The effect of GnRH-I agonists on ovarian angiogenesis and their regulation is still largely unknown. By using a rat model of ovarian hyperstimulation syndrome (OHSS), Kitajima et al. have shown that the treatment with a GnRH-I agonist reduces ovarian vascular permeability and that this effect seems to be mediated by an increase in the expression of the tight junction protein claudin (Kitajima et al., 2004, Kitajima et al., 2006). Moreover, we have previously reported that a decline of the levels of VEGFA and its receptor Flk-1/KDR and ANGPT-1 by effect of GnRH-I agonist administration in prepubertal pregnant mare serum gonadotropin (PMSG)-treated rats is one of the mechanisms involved in the apoptosis of ovarian cells, and that this suggests an intraovarian role of an endogenous GnRH-like peptide in follicular development induced by gonadotropins (Parborell et al., 2008).
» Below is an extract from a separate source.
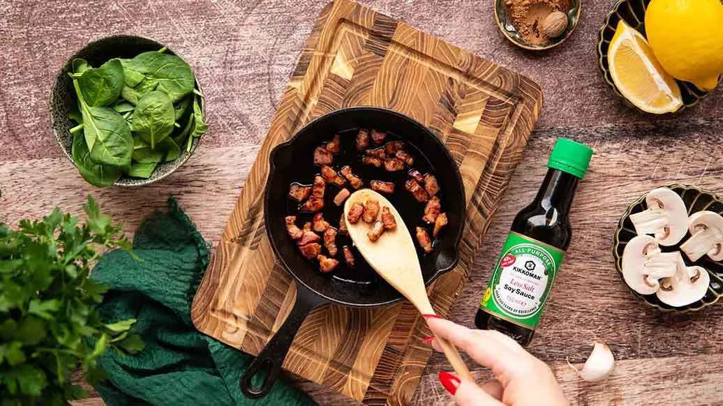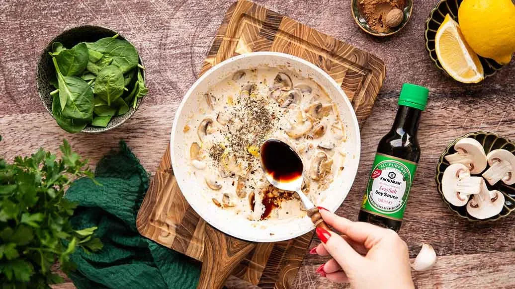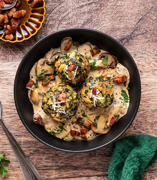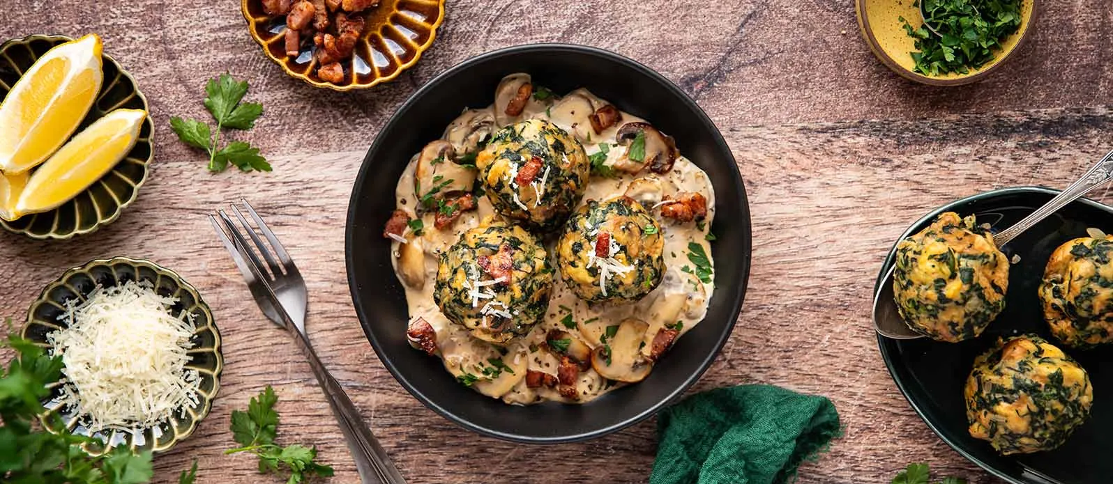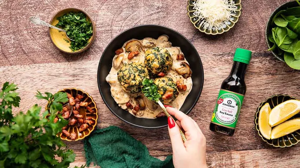 Canederli leggeri agli spinaci preparati con panini avanzati, insaporiti con Salsa di Soia a Ridotto Contenuto di Sale Kikkoman e serviti con una cremosa salsa ai funghi e un po’ di pancetta croccante. Un piatto semplice e confortante che permette di utilizzare al meglio il pane avanzato.

Presently, there is no cure for OHSS, and only preventive strategies are available. GnRH antagonists and/or GnRH agonists are now used for the treatment of OHSS (Dal Prato and Borini, 2005, Humaidan, 2009, Ragni et al., 2005). However, so far, no report has studied the in vivo effect of GnRH-I agonists on luteal development, luteal blood vessel stabilization, apoptosis and proliferation in the ovary from a rat model of OHSS. Therefore, the main purpose of this study was to investigate the in vivo effects of a GnRH-I agonist on steroidogenesis, peritoneal VEGF concentrations, FLK-1, ANGPT-1, ANGPT-2 and Tie-2 protein levels, luteal vascular stability, luteal development, apoptosis and proliferation in ovaries from an immature OHSS rat model stimulated by PMSG and hCG.